#### How to complete this task
Your answer should be the lines below from the one with "要重新启动Ubuntu,请单击屏幕右上角的向下箭头,然后单击电源图标。" to the one with "- About the", both included, given again exactly and with nothing added.

Extracted data entries
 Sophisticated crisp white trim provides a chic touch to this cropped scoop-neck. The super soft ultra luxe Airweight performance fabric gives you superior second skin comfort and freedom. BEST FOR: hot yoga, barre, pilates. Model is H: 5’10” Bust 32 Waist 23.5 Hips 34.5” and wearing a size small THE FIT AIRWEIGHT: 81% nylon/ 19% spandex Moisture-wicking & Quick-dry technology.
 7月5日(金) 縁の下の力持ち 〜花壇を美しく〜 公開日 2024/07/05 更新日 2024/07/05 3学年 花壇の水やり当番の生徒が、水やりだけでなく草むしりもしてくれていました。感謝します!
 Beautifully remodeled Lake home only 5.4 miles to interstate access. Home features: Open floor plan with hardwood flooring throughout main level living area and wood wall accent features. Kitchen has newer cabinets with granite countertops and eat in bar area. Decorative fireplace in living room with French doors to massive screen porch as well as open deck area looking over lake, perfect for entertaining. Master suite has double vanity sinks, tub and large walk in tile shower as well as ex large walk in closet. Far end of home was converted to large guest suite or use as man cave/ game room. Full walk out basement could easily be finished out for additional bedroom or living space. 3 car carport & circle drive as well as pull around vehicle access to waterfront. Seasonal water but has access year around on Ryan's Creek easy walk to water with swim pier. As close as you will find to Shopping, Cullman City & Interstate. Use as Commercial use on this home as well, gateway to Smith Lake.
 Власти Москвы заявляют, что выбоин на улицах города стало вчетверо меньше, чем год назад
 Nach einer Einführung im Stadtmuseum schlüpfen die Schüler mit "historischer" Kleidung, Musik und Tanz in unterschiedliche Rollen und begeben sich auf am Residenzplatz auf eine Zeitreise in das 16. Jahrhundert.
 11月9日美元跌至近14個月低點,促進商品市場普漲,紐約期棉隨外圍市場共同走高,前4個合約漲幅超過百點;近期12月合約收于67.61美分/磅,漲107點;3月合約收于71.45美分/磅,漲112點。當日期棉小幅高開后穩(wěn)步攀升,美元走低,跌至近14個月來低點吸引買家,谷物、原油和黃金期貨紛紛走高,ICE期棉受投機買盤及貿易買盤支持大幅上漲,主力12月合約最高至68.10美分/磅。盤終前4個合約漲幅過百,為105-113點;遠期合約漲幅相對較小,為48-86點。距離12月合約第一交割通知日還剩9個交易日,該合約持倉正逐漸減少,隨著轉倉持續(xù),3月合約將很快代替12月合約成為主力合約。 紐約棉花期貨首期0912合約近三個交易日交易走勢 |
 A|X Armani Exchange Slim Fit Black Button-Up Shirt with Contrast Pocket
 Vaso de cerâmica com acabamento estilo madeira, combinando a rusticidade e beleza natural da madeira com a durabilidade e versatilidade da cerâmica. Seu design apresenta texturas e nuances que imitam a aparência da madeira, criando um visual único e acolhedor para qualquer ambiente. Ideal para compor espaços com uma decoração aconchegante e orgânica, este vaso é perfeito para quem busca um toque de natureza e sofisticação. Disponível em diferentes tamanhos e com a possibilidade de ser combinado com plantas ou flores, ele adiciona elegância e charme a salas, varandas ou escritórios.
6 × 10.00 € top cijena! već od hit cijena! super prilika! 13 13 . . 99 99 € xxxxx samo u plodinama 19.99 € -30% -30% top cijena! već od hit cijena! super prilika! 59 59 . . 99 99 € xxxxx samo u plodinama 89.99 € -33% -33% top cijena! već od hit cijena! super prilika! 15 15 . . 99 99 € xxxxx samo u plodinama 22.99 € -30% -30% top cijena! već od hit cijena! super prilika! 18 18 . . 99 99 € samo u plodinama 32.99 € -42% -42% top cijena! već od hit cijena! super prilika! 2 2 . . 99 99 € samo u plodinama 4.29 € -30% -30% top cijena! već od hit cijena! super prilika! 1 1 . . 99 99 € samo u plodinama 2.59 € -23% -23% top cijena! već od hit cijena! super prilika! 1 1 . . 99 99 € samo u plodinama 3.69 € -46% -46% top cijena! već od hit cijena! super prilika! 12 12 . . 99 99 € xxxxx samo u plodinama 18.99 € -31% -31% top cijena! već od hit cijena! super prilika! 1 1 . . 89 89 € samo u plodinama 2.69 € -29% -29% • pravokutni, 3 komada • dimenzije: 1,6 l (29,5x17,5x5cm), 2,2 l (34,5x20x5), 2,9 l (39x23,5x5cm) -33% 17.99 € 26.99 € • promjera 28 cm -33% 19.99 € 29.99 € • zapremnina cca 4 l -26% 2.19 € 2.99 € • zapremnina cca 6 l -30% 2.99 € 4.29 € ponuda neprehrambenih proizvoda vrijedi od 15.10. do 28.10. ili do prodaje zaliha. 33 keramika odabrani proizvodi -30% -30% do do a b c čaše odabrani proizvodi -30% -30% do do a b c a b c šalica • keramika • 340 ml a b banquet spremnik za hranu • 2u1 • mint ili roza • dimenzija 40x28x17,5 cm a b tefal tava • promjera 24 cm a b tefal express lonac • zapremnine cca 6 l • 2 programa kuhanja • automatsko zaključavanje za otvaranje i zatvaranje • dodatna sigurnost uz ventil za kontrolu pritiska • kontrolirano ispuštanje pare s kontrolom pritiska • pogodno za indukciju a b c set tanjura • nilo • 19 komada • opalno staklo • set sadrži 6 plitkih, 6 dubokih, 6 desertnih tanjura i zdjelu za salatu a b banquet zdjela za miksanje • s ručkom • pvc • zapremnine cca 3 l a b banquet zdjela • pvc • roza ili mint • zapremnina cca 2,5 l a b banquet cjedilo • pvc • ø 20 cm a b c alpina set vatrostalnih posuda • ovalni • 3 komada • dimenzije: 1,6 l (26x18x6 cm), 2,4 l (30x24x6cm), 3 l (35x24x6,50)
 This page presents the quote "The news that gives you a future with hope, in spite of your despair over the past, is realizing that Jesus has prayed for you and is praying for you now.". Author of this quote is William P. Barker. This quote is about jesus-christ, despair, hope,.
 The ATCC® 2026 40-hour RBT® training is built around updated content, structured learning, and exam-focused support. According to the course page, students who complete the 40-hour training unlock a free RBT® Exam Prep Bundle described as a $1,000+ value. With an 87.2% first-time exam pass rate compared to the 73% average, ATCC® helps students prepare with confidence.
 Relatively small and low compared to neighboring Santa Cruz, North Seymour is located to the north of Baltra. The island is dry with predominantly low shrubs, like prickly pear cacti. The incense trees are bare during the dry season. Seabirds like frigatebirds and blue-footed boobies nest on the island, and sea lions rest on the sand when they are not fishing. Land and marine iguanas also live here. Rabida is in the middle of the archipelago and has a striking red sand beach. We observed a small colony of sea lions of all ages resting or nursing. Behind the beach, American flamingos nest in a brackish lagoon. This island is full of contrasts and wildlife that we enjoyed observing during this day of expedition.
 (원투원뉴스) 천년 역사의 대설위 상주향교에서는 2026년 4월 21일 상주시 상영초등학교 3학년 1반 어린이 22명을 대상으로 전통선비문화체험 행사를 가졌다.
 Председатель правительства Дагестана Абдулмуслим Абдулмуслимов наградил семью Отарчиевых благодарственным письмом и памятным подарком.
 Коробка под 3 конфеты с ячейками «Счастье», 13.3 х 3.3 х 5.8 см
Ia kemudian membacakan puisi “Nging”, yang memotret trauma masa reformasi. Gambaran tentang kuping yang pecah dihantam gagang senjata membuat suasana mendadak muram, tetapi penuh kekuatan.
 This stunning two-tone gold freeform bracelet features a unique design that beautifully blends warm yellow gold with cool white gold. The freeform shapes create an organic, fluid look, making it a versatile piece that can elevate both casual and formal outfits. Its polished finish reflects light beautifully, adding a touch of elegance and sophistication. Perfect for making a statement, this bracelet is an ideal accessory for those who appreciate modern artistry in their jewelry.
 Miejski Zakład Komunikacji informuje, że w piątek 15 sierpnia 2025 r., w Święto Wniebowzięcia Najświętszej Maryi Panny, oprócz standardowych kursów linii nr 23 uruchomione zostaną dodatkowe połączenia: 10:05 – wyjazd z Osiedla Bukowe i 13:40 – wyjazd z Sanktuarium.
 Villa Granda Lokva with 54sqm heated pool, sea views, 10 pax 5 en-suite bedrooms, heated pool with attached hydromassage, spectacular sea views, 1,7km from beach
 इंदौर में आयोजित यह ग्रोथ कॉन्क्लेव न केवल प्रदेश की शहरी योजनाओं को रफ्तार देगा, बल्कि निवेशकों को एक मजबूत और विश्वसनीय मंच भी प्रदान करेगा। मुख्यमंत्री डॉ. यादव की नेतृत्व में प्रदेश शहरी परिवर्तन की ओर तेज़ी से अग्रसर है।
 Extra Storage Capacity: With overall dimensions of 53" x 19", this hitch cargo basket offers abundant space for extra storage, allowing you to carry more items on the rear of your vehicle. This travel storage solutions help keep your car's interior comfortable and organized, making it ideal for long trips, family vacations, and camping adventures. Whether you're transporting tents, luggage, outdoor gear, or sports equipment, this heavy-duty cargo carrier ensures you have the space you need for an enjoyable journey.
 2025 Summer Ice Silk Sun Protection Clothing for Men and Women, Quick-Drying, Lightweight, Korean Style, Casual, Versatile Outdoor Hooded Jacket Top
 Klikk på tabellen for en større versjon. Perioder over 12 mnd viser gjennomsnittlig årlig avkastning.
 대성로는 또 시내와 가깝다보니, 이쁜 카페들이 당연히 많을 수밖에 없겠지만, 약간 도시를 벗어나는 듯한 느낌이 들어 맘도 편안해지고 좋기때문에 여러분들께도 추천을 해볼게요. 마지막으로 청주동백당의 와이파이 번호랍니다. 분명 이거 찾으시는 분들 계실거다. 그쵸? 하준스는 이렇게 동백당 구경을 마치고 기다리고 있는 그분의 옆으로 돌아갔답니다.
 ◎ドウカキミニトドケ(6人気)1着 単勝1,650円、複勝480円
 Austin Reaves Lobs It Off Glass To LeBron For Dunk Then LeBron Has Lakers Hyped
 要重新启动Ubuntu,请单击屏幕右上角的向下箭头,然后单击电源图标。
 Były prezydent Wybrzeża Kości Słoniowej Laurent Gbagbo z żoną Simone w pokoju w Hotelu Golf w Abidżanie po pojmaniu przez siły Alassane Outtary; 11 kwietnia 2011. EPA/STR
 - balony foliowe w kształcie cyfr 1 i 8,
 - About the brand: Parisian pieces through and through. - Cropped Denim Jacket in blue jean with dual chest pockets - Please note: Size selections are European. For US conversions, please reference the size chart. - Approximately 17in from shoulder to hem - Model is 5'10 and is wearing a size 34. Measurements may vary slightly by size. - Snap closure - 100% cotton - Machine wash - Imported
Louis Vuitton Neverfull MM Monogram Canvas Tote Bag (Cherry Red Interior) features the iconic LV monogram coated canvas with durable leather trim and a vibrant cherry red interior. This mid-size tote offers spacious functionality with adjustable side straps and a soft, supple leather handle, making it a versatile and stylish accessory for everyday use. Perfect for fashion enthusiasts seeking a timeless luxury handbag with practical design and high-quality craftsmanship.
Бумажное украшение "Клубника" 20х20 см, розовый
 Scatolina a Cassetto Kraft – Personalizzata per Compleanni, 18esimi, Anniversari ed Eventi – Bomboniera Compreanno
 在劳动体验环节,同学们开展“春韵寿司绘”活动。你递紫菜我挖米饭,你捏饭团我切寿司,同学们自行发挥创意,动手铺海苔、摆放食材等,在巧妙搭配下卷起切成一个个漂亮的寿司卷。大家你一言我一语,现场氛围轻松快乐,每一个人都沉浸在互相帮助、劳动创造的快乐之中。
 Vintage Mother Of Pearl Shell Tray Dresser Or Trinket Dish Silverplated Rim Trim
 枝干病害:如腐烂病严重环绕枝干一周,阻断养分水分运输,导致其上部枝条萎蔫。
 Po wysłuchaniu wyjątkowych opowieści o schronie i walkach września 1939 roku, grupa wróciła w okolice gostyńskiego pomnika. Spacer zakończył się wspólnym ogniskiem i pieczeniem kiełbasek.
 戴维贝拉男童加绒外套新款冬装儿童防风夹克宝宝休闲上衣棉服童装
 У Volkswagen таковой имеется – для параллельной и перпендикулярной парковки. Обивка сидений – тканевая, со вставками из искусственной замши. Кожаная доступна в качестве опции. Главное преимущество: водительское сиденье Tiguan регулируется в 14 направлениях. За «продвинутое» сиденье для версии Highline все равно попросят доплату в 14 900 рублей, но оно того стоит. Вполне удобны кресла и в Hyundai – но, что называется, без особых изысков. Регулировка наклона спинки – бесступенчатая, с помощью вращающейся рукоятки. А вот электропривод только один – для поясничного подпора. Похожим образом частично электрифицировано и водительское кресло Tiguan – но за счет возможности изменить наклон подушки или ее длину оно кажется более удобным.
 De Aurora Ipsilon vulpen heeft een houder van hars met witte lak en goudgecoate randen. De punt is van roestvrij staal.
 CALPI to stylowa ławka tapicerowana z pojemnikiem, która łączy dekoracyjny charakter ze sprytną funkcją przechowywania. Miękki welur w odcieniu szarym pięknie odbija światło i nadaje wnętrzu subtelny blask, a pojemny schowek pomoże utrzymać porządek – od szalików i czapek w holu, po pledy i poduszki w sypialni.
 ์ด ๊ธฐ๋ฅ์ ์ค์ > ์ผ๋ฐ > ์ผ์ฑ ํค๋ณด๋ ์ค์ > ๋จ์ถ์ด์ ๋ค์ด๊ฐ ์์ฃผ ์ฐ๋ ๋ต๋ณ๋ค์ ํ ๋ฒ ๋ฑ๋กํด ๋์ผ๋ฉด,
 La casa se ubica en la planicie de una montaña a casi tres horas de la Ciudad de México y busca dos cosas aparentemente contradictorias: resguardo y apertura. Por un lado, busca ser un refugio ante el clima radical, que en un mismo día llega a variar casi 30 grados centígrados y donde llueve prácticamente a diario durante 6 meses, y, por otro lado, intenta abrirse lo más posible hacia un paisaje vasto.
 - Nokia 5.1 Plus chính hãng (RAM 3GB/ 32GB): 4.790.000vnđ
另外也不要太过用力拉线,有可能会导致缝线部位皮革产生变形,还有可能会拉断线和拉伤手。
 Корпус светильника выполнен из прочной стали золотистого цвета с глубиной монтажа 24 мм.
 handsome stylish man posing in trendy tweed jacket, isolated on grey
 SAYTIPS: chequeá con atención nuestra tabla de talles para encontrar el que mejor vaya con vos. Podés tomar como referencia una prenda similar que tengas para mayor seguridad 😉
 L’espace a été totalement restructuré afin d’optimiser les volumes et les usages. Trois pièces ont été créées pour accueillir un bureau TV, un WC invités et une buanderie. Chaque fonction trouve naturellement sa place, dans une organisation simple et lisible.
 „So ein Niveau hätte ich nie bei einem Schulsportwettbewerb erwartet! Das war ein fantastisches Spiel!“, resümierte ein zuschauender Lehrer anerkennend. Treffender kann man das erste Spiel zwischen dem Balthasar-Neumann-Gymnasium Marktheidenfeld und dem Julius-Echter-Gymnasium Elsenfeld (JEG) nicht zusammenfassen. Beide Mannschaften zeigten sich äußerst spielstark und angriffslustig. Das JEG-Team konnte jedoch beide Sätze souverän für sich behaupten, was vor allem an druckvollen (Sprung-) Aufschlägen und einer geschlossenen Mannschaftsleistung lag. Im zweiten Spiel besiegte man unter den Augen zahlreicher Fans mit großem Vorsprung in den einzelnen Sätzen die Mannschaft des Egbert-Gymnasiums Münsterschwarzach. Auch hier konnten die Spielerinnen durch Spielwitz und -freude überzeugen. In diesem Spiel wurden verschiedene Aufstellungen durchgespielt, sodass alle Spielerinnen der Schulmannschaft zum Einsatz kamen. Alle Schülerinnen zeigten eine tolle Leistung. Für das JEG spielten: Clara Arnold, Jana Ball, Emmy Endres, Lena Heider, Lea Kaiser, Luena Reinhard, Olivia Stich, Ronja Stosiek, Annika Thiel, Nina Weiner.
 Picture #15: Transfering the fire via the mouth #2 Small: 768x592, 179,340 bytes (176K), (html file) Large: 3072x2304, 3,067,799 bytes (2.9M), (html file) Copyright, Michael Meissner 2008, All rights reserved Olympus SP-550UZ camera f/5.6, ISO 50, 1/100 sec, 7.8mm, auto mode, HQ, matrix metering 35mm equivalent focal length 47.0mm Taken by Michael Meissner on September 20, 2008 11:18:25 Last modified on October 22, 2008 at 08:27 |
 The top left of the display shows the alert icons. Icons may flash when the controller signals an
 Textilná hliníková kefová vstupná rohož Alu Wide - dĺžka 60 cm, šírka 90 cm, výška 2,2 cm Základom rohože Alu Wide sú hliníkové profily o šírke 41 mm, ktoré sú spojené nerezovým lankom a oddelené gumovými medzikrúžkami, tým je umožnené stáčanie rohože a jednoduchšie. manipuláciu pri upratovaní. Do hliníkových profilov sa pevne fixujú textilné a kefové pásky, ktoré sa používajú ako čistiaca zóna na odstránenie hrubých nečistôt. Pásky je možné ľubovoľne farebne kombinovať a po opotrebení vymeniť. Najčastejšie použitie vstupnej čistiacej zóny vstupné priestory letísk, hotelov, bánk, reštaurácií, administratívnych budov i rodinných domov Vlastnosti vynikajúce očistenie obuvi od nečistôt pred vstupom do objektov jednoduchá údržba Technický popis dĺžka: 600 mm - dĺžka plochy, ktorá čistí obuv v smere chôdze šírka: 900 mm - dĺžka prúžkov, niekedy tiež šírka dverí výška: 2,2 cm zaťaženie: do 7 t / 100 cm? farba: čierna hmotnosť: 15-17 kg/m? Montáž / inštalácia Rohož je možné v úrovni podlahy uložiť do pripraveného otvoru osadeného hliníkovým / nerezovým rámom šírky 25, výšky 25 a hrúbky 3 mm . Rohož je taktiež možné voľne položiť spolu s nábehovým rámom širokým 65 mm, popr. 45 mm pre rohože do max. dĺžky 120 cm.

#### Exercise result
 要重新启动Ubuntu,请单击屏幕右上角的向下箭头,然后单击电源图标。
 Były prezydent Wybrzeża Kości Słoniowej Laurent Gbagbo z żoną Simone w pokoju w Hotelu Golf w Abidżanie po pojmaniu przez siły Alassane Outtary; 11 kwietnia 2011. EPA/STR
 - balony foliowe w kształcie cyfr 1 i 8,
 - About the brand: Parisian pieces through and through. - Cropped Denim Jacket in blue jean with dual chest pockets - Please note: Size selections are European. For US conversions, please reference the size chart. - Approximately 17in from shoulder to hem - Model is 5'10 and is wearing a size 34. Measurements may vary slightly by size. - Snap closure - 100% cotton - Machine wash - Imported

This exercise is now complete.